Congo-Kinshasa: Partage du pouvoir entre pro-Kabila et pro-Tshisekedi en RDC

Le Front commun du Congo (FCC) de l'ancien président Kabila et Cap pour le changement (CACH), la plateforme politique du président Félix Tshisekedi, ont signé un accord de coalition gouvernementale.

Le Front commun du Congo (FCC) de l'ancien président Kabila et Cap pour le changement (CACH), la plateforme politique du président Félix Tshisekedi, ont signé un accord de coalition gouvernementale.

Les discussions ont débuté lundi dernier à Kinshasa entre les deux alliés pour aboutir hier, le 6 mars.

En principe, selon la Constitution de la RDC, c'est au Front commun pour le Congo que revient la responsabilité de former le futur gouvernement.

Celui-ci a en effet obtenu la majorité des sièges de députés lors des dernières élections législatives : le FCC dispose de 350 sièges sur 485. Mais les deux plateformes FCC et CACH affirment "leur volonté commune de gouverner ensemble le pays dans le cadre d'une coalition gouvernementale".
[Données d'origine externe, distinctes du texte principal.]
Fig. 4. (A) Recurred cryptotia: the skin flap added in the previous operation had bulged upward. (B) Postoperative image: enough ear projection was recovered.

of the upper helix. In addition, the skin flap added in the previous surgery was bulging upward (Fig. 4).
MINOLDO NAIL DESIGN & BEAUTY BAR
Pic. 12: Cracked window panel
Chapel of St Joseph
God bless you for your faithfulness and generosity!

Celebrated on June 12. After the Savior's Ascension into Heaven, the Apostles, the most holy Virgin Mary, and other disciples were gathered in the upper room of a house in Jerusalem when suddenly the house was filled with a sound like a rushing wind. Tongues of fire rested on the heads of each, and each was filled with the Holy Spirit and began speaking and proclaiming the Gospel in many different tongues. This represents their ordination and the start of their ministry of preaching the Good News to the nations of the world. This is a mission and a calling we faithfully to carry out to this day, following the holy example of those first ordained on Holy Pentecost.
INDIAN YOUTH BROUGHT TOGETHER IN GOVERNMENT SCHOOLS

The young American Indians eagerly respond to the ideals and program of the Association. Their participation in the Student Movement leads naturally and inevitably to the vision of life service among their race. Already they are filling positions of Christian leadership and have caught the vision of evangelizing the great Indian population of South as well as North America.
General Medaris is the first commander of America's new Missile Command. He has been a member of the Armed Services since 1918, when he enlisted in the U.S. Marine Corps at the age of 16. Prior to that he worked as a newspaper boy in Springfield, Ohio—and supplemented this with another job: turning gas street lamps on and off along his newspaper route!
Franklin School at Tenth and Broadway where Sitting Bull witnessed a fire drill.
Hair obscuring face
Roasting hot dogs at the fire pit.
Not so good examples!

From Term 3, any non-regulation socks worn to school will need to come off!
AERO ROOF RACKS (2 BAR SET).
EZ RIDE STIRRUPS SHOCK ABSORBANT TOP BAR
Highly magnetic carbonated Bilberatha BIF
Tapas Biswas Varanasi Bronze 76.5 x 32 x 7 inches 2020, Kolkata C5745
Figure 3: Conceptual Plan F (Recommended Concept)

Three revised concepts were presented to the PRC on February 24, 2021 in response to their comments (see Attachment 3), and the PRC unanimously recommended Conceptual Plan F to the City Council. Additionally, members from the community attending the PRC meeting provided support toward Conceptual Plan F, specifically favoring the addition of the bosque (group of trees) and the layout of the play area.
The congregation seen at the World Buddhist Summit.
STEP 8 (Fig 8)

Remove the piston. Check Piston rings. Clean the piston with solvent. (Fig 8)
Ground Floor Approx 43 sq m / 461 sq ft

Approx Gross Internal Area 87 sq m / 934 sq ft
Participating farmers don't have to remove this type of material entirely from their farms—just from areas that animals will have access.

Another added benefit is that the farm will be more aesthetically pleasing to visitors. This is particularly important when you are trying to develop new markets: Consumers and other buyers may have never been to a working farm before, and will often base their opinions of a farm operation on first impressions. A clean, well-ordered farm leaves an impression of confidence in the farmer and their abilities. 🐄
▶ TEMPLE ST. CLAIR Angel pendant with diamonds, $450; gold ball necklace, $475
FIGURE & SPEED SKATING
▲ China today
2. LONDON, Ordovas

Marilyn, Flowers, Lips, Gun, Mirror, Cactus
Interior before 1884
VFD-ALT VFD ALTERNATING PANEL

Selon Azarias Ruberwa, ministre de la Décentralisation et de la réforme institutionnelle, "très vite, un Premier ministre sera nommé dans le contexte qui a été défini dans le communiqué conjoint. Et après la nomination du Premier ministre, il fera les consultations nécessaires en vue de la formation du gouvernement. La transmission sera faite par le président de la République honoraire, Joseph Kabila. Il saisira le président de la République (Félix Tshisekedi, ndlr). Ça peut intervenir ce week-end ou dans le courant de la semaine prochaine au plus tard."

La décision du FCC et de CACH de gérer ensemble le pays n'émeut pas certains analystes. Beaucoup demeurent incrédules quant à la capacité du nouveau président Tshisekedi de s'affranchir de Joseph Kabila.

"Mais ça ne fait pas avancer le Congo", s'indigne le politologue Jean Omasombo Thsonda. "Si c'est pour les individus, ça va. Mais pour le Congo, on ne gagne rien", poursuit-il.

À en croire ce professeur de science politique à l'Université libre de Bruxelles (ULB), "c'est Kabila qui continue à s'imposer. D'autant qu'il aura la mainmise sur les finances, l'argent, sur les mines et autres. La marge de manœuvre de Tshisekedi va demeurer faible."

Face à ces critiques, le président Tshisekedi a prévenu qu'il ne voulait pas être "un président qui règne" mais un président "qui gouverne".

La désignation du Premier ministre et surtout la formation prochaine du gouvernement sera le premier véritable test de sa capacité à gouverner sans l'influence de Joseph Kabila.